I write this blog with a specific goal, but without a clear path to get there; like those things I fully understand as long as I never look them square on…
Lifetimes ago, I discovered a blog post that introduced me to the Hindu goddess Akhilandeshvari, she who is never not broken. A piece of me has been dedicated to her ever since.
I have self-identified as broken/damaged for nearly my entire adulthood. What I’ve not done is consider myself unable to grow or affect change in my life due to being broken.
When I met Akhilandeshvari, I realized that I had access to my power while broken. Perhaps more so than when whole. My power lies in re-invention, re-creation.
But I don’t ever feel whole, or healed, in the new configuration, even if higher functioning. In the context of this blog, I often wander to the idea that my brokeness comes from fragments of me falling off, sliding into splinter worlds, quantum realities where other-mes take different paths. Like the threads of the Fates were never severed as dead parts of me fell away, dragging me down in my life, a tangled parachute threatening to split me fully to pieces.
I am unsure about the notion that wholeness is possible in such a situation, so I no longer wait for wholeness to improve the conditions of my life. “Don’t let perfect get in the way of better.”
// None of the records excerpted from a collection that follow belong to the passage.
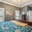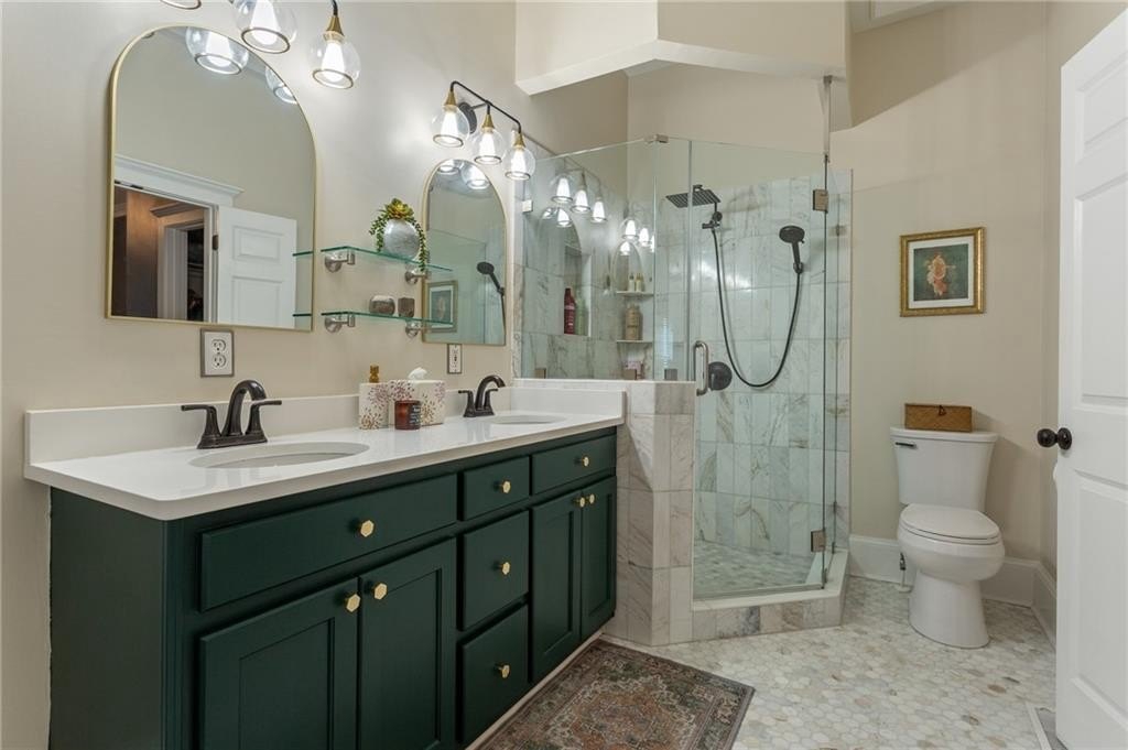 The main-level primary suite is a serene retreat, featuring a beautifully renovated spa-style bath with elegant tilework, modern lighting, and a dual-sink vanity.
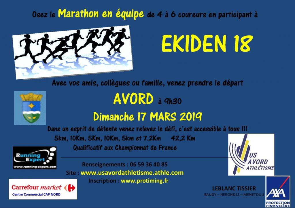 EKIDEN 1812 mars , 2019 Calendrier Quand : 17 mars 2019 @ 9 h 30 min2019-03-17T09:30:00+01:002019-03-17T09:45:00+01:00Où : Parc arboré route de fargesContact : US AVORD Athlétisme 06.59.36.40.85 Site de l’évènement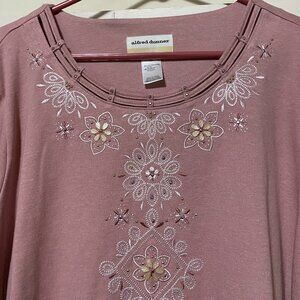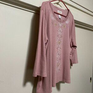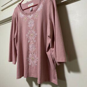 Alfred Dunner 3/4 length sleeve, mauve, embellished tunic, size 2X
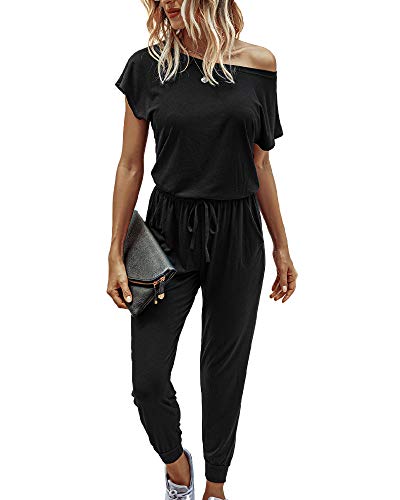 Walant Donne Tuta maniche corte Collo Rotondo Colore Tinta Unita Jumpsuit D'Estate Chic Slim Pantaloni Taglia Elastico Casual Combishort con Tasche, Nero, L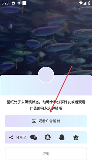 4、選擇【觀看廣告解鎖】或分享好友的方式,解鎖壁紙后完成設(shè)置操作。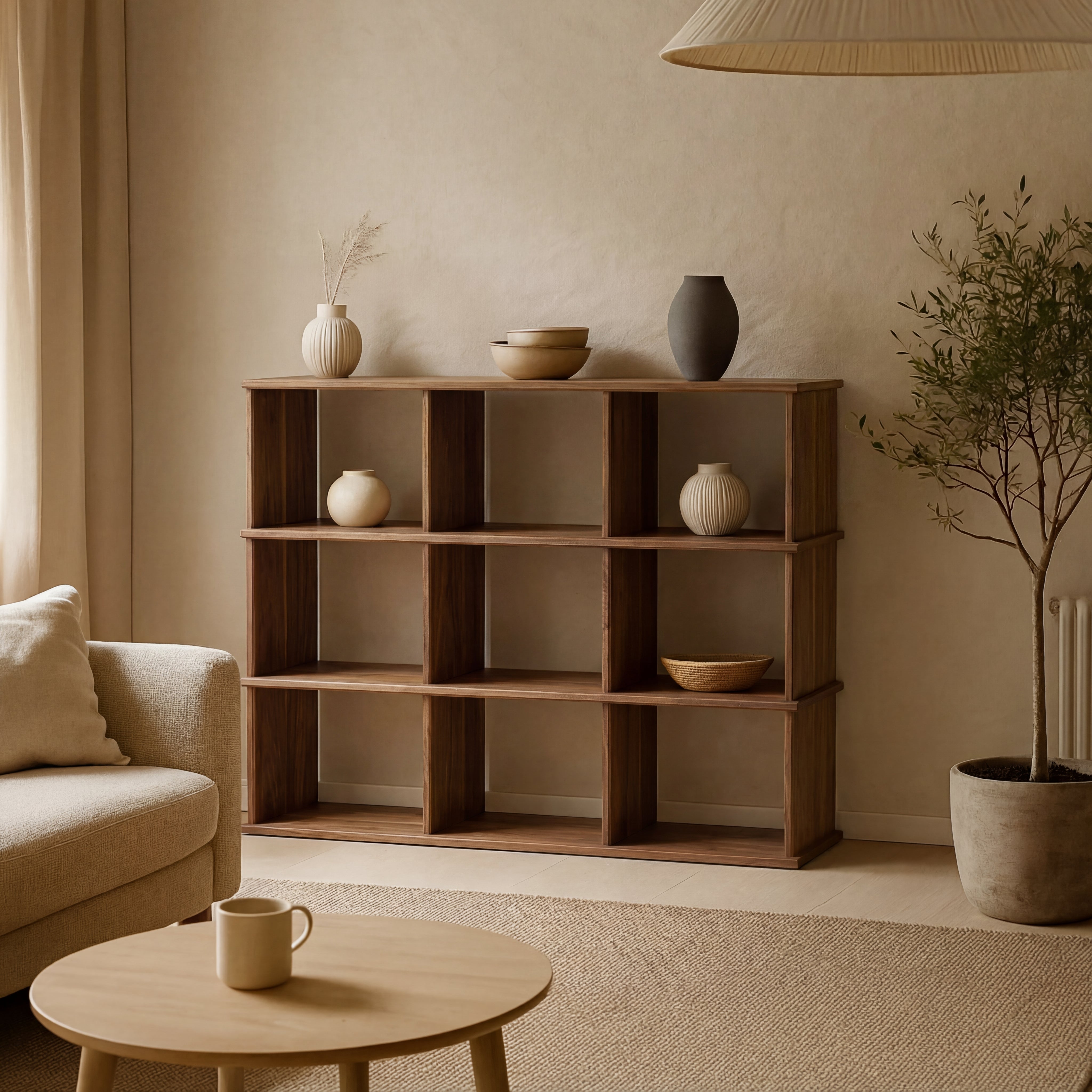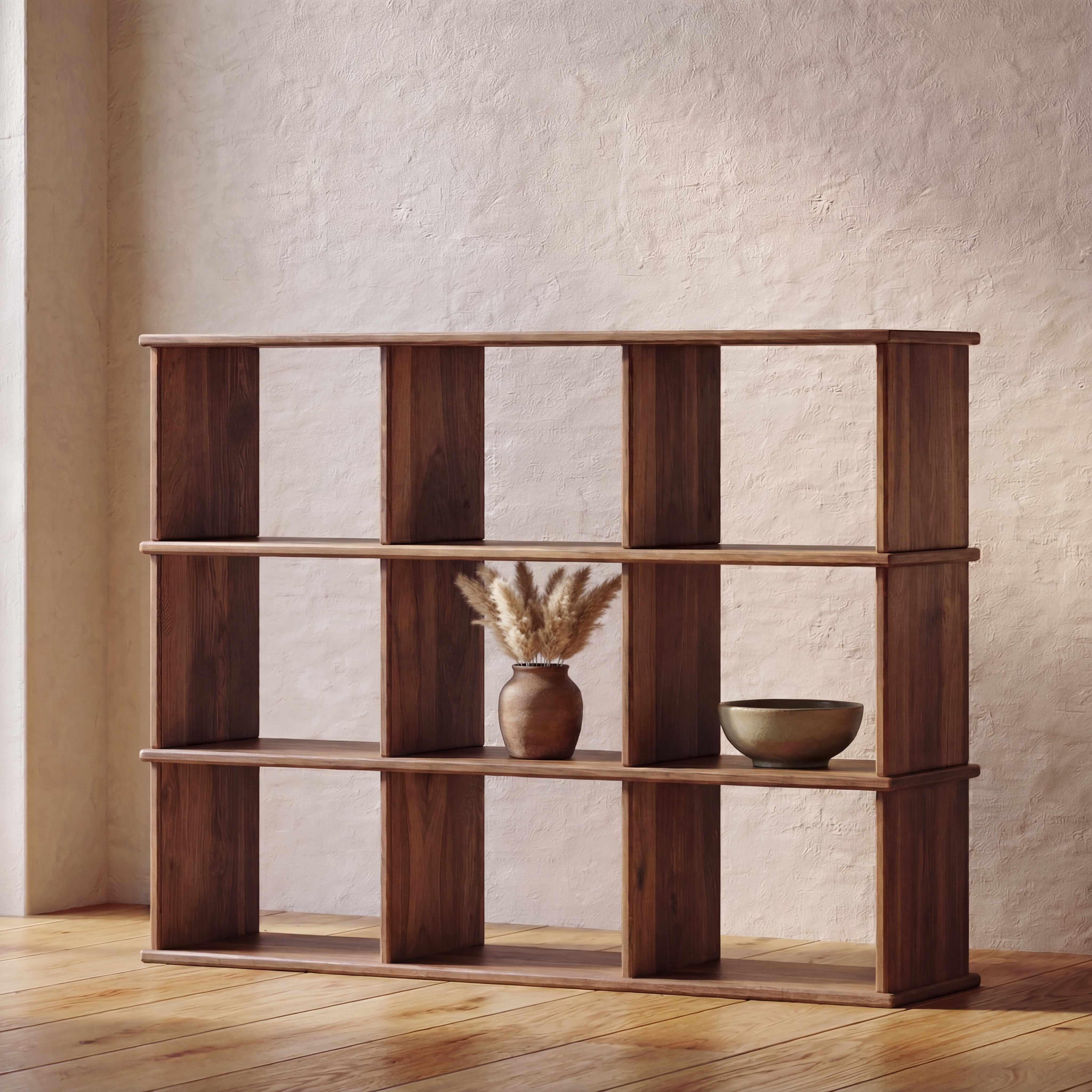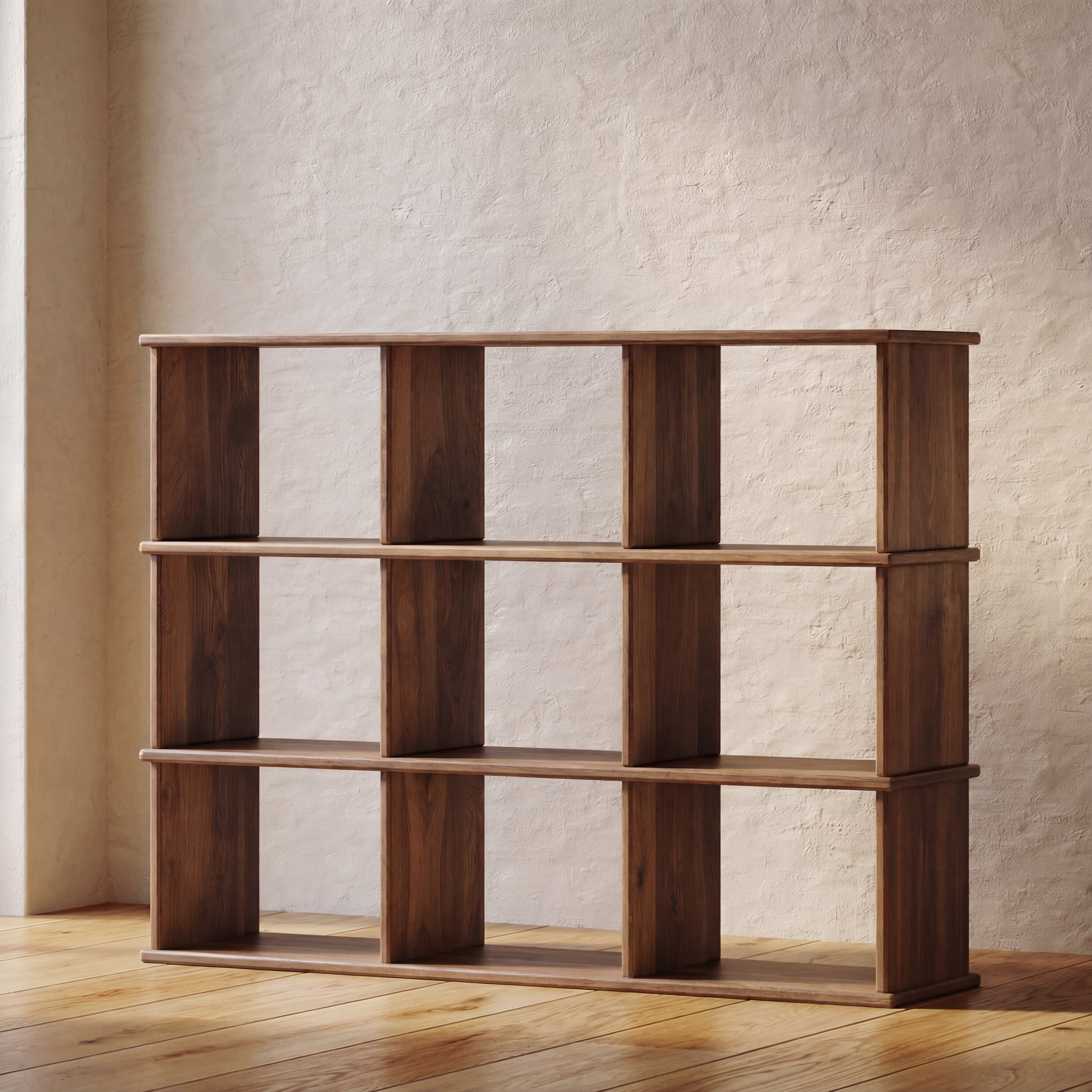 Nine cube bookshelf in walnut

Through the metaphor of endless quantum worlds, I look for signs to whether I am shedding waste and dead stuff, or breaking off a critical pieces of myself.
It is a lifelong process.
In the spirit of, “Don’t let the perfect get in the way of better,” I often find myself doing some chore I’d rather not do and telling myself, “It doesn’t have to be perfect, it just has to get done.” As a person with chronic illness, I have found this thought incredibly freeing.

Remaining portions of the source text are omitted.